» **SOURCE DATA**:
━━━━

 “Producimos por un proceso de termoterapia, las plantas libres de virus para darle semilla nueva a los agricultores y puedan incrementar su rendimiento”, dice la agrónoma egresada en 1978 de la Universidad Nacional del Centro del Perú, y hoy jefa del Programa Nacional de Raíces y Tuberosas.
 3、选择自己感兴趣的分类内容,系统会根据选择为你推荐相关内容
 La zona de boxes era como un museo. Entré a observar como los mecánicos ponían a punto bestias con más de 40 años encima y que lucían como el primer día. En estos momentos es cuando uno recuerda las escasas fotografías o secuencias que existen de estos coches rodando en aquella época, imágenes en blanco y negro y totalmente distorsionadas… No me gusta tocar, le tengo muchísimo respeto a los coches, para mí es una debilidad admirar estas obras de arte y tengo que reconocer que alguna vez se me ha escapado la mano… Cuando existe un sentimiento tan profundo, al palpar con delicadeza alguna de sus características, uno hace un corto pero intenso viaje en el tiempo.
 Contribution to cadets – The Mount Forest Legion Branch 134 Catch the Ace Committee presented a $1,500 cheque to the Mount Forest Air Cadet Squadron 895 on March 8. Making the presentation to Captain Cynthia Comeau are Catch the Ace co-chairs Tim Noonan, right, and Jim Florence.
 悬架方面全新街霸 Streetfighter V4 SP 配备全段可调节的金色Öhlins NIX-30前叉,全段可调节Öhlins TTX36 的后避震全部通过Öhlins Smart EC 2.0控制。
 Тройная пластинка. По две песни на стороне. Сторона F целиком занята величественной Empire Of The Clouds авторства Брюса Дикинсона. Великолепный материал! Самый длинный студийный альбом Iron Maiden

━━━━

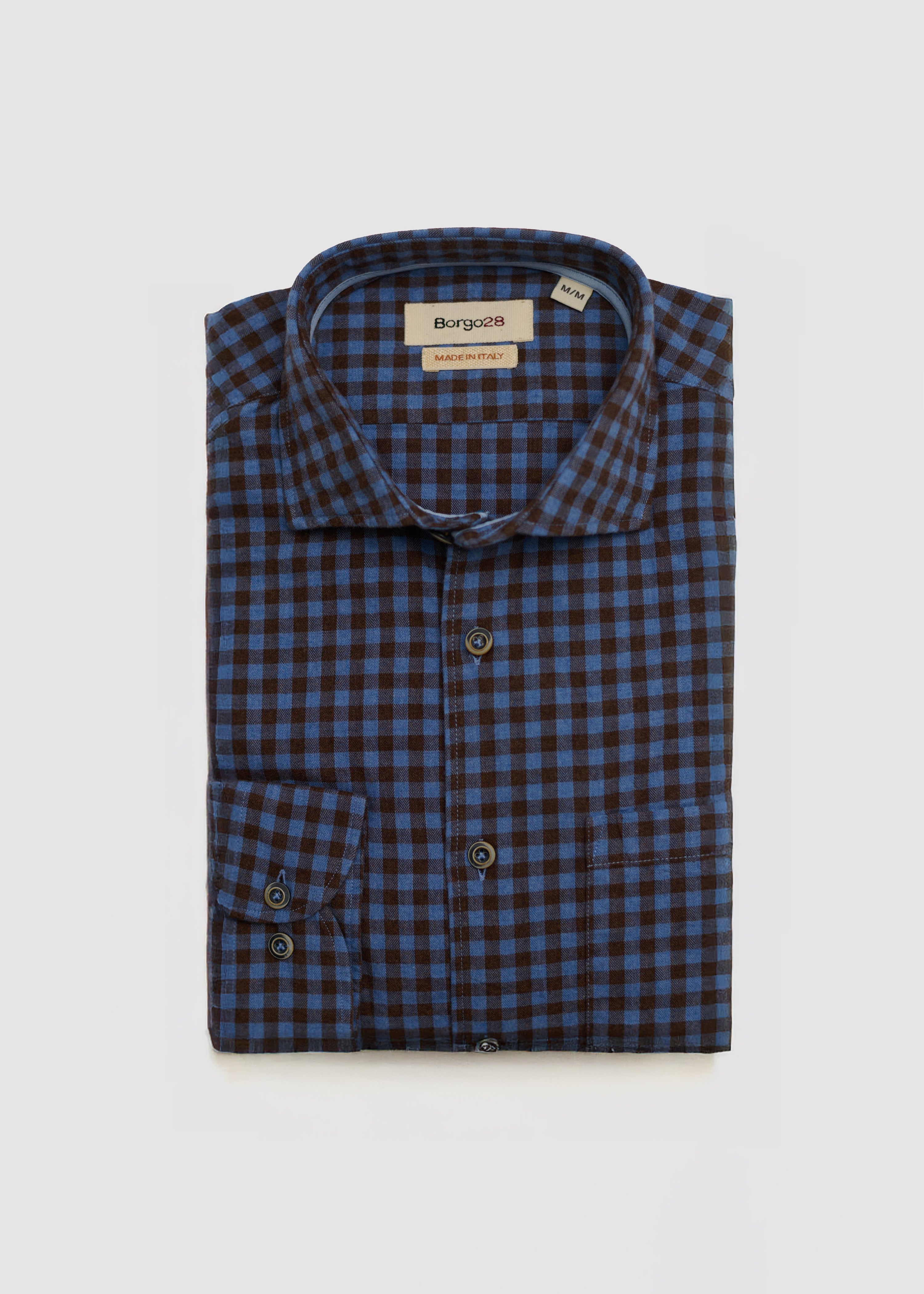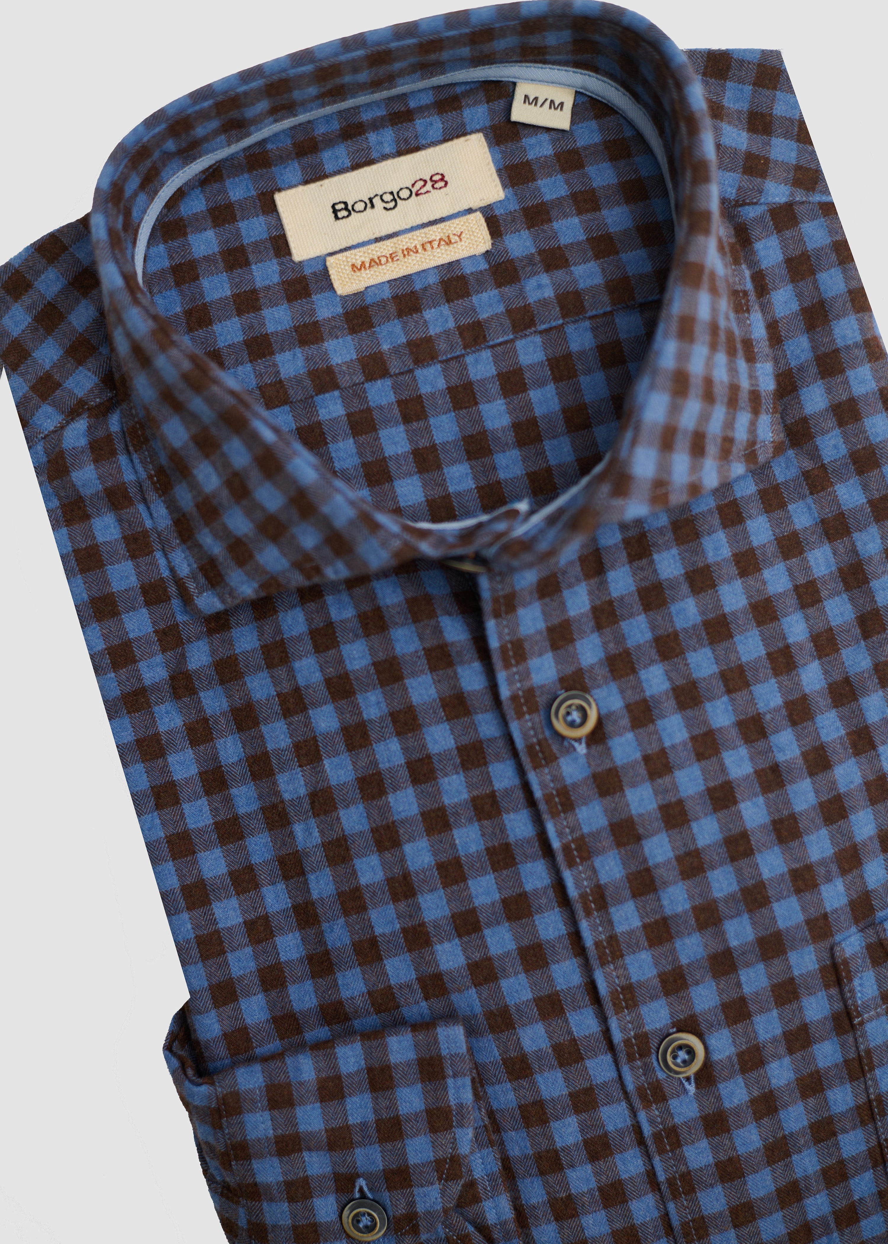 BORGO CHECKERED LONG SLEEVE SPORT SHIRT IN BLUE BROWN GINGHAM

━━━━

» **WORK TO BE COMPLETED**:
If a line of the records above holds the word "para", show it.

» **RESPONSE TO THE TASK**:
 “Producimos por un proceso de termoterapia, las plantas libres de virus para darle semilla nueva a los agricultores y puedan incrementar su rendimiento”, dice la agrónoma egresada en 1978 de la Universidad Nacional del Centro del Perú, y hoy jefa del Programa Nacional de Raíces y Tuberosas.
 La zona de boxes era como un museo. Entré a observar como los mecánicos ponían a punto bestias con más de 40 años encima y que lucían como el primer día. En estos momentos es cuando uno recuerda las escasas fotografías o secuencias que existen de estos coches rodando en aquella época, imágenes en blanco y negro y totalmente distorsionadas… No me gusta tocar, le tengo muchísimo respeto a los coches, para mí es una debilidad admirar estas obras de arte y tengo que reconocer que alguna vez se me ha escapado la mano… Cuando existe un sentimiento tan profundo, al palpar con delicadeza alguna de sus características, uno hace un corto pero intenso viaje en el tiempo.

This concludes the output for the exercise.